Zwei Banküberfälle — in Hemmerden und in der City — waren die wohl spektakulärsten Einsätze der Polizei 2012. Auch ein Trio, das unverschlossene Autos plünderte, und Betrüger sorgten für viele Straftaten in der Kriminalitätsstatistik.

Eine Explosion in der Nacht ließ Hemmerdener aus den Betten hochfahren, 20 Autos wurden durch umherfliegende Trümmerteile beschädigt. Die Sprengung des Geldautomaten der Sparkassen-Selbstbedienungsfiliale genau heute vor einem Jahr und der Banküberfall eines aus Afrika stammenden Grevenbroichers auf die Commerzbank an der Karl-Oberbach-Straße im Juni waren die spektakulärsten Einsätze der Polizei 2012 in der Stadt. Und sie sind zwei der 4923 Straftaten, die in der Kriminalitätsstatistik registriert wurden. Dem 47 Jahre alten Bankräuber, der mit einer Schusswaffe in der Hand Geld gefordert hatte, gelang zunächst, trotz großangelegter Fahndung sogar mit einem Hubschrauber, die Flucht auf einem Mountainbike — bis er sich am Flughafen in Brüssel der Polizei gegenüber sah.

Die dreisten Täter in Hemmerden sind dagegen noch auf freiem Fuß. "Automatensprengungen gab's auch in anderen Städten, aber hier wurde eine überdimensionierte Menge Gasgemisch verwendet, die die Filiale und das Haus stark beschädigte", erklärt Theo Alt, Leiter der Kriminalpolizei in Grevenbroich. Eine Kamera filmte zwei maskierte Männer, die später mit eine silberfarbenen Golf wegfuhren.

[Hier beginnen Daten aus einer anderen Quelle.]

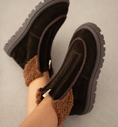 Bruve Ön Fermuar Detaylı Kürklü Hakiki Deri Süet Kadın Bot

Insgesamt sank die Zahl d er Straftaten im Stadtgebiet 2012 leicht um 13 Delikte, die Aufklärungsquote stieg um drei auf 54,5 Prozent. "Mit der Entwicklung insgesamt sind wir zufrieden. Wo es deutliche Anstiege gab, waren Serientäter am Werk, die wir ermitteln konnten", erläutert Bernhard Wöltgen, Leiter der Polizeiwache an der Lindenstraße. So hatte es eine Bande im Herbst auf Motorroller abgesehen, 27 Diebstähle werden ihr zu Last gelegt. Und im Oktober konnte eine Streifenwagenbesatzung ein Trio dingfest machen, das sich auf unverschlossene Autos im Raum Wevelinghoven spezialisiert hatte. "Die zwei 17-Jährigen und ein 19-Jähriger aus Grevenbroich haben aus den Autos Geld, Navis und anderes gestohlen", berichtet Theo Alt. Rund 130 Diebstähle werden den jungen Männern zur Last gelegt.

Eine seit Jahren zunehmende Deliktart sind Betrügereien — seit 2008 2008 hat sich die Zahl auf 1093 verdoppelt — Die Bandbreite reicht von nicht bezahlten Sendungen aus Internet-Auktionen bis zum Enkeltrick. "Opfer sind vor allem ältere Menschen. Die Täter bauen geschickt eine Legende auf, geben sich etwa als ein Enkel aus, der in Not ist und dringend Geld braucht", sagt Alt. Ganz anders gingen unbekannte Einbrecher in einem Supermarkt im Stadtgebiet vor. Sie hatten es nicht nur auf Diebesgut abgesehen, sondern lasen aus Geldkarten-Geräten Daten von Kunden-Debitkarten aus, um dann vom Ausland aus von den Konten Geld abzuheben. Rund 30 solche Fälle wurden gemeldet. "Die Kreditinstitute haben, soweit es uns bekannt ist, in allen Fällen, das Geld zurückerstattet."

Positiv: Die Zahl der Wohnungseinbrüche sank von 168 2011 auf 127. Und die Gewaltkriminalität — etwa Körperverletzung — blieb mit 130 Delikten (2011: 131) fast konstant. "Die verstärkte Präsenz von Polizei und Ordnungsamt bei Veranstaltungen sowie das Glasverbot wirken sich positiv aus", sagt Wöltgen. Zudem spreche die Polizei für bekannte Straftäter bereits im Vorfeld Betretungsverbote aus.